Da un punto di vista industriale in Italia sono presenti distretti industriali di fama internazionale potenzialmente ed in alcuni casi anche fattivamente impegnati in questo settore in quanto utilizzatori di elevate quantità di lubrificanti in alcune fasi produttive. Ci riferiamo al distretto conciario di S.Croce (che si stima consumi circa 500-750 t/anno di oli minerali), al distretto tessile di Prato (che si stima ne consumi circa 1.000), al cartario di Lucca (che si stima consumi circa 3000 t/anno di lubrificanti per la maggior parte minerali ) ed al Lapideo delle Alpi Apuane. Alcuni industriali appartenenti a questi distretti si sono dimostrati particolarmente interessati all’utilizzo dei biolubrificanti e, anche grazie ai progetti PRAI-Biovit e Dulvit, hanno recentemente avviato le prime sperimentazioni a livello industriale con risultati di buon interesse applicativo.

In seguito anche a queste sperimentazioni, nel settore tessile è già oggi  disponibile un formulato a base vegetale caratterizzato da che ha buone prospettive di mercato anche in seguito al divieto della Direttiva Comunitaria 2003/53/CE di usare nonilfenoli e nonilfenoli etossilati dal 17 gennaio 2005. Una più larga applicazione nel distretto sta trovando difficoltà legate principalmente ad un prezzo unitario maggiore che solo in parte è bilanciato da un minore utilizzo del prodotto.

Anche nel settore conciario è stato presentato un formulato a base vegetale, utilizzato tra l’altro nella produzione, brevettata, di una pelle anallergica e caratterizzato dall’assenza di alchilbenzeni tipici dei lubrificanti minerali e di aldeidi, fenoli ed altri composti ad elevata tossicità.
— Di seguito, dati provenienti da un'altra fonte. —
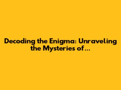 Decoding The Enigma: Unraveling The Mysteries Of...

Purtroppo, anche in questo caso, i formulati a base vegetale non hanno acquisito una significativa quota di mercato nel distretto Pisano.

Nel settore cartario, comparto di importanza strategica nella intera provincia di Lucca, la situazione è leggermente migliore, in quanto già negli anni ‘80 Raul Gardini propose di utilizzare le oleine di soia per la disincrostazione della carta da giornale, mentre successivamente è stata prodotta una carta “biocide-free” utilizzando l’acido acetico e i terpeni d’arancio. Risultano inoltre presenti già oggi formulati oleanti ad elevata rinnovabilità o a base vegetale e altre sperimentazioni a livello industriale hanno infatti confermato la possibilità di utilizzo di questi formulati ad elevata qualità nella produzione tissue. Una recente normativa tedesca ha introdotto standard molto restrittivi sui residui di oli (minerali) ammessi nel tissue, a conferma dell’interesse anche internazionale verso questo aspetto del ciclo produttivo anche in un’ottica di una sempre maggiore tutela del consumatore finale.

Esperienze analoghe si registrano anche in altri settori produttivi con alcune esperienze sulla possibilità di utilizzare biolubrificanti nelle perforazioni per la produzione di energia geotermica a Larderello, e potenzialmente mostra ottime prospettive la sostituzione degli oli minerali nel settore lapideo in considerazione della totale dispersione nell’ambiente del prodotto dopo l’uso e delle ricadute sulla qualità dell’ambiente e degli operatori del settore.

In tutti questi distretti, tranne quello cartario, i formulati lubrificanti sono utilizzati a dispersione nell’ambiente e lo sviluppo dell’uso di prodotti a base vegetale, in considerazione dell’elevata biodegradabilità e della loro ipotossicità, potrebbe contribuire alla riduzione dell’impatto ambientale con benefici igienico-sanitario per gli operatori del settore e della cittadinanza e conseguentemente delle istituzioni in termini di minori spese sanitarie e di depurazione delle acque. Ecco perché la pubblica amministrazione potrebbe ritenere utile attivare interventi atti a compensare il differenziale di prezzo che eventualmente potrebbe determinarsi prima del raggiungimento di un’economia di scala, al fine di incentivare un più diffuso utilizzo dei biolubrificanti, giustificando tale intervento proprio con le ricadute sulla qualità dell’ambiente dell’intero distretto.

In questa ottica, l’uso di biolubrificanti in alternativa ai formulati convenzionali deve essere inserito in programmi di sostituzione di prodotti pericolosi per la salute e per l’ambiente, attraverso la creazione di appositi marchi o certificazioni volti a valorizzare i processi produttivi interamente ecocompatibili, anche e soprattutto nell’ottica di una differenziazione dei prodotti sulla concorrenza globale. E’ questa infatti una possibilità che potrebbe consentire l’affermarsi di un nuovo mercato in cui il consumatore è disposto a pagare un prezzo maggiore per un manufatto prodotto con maggiore rispetto dell’ambiente e privo di residui di prodotti minerali o di sintesi.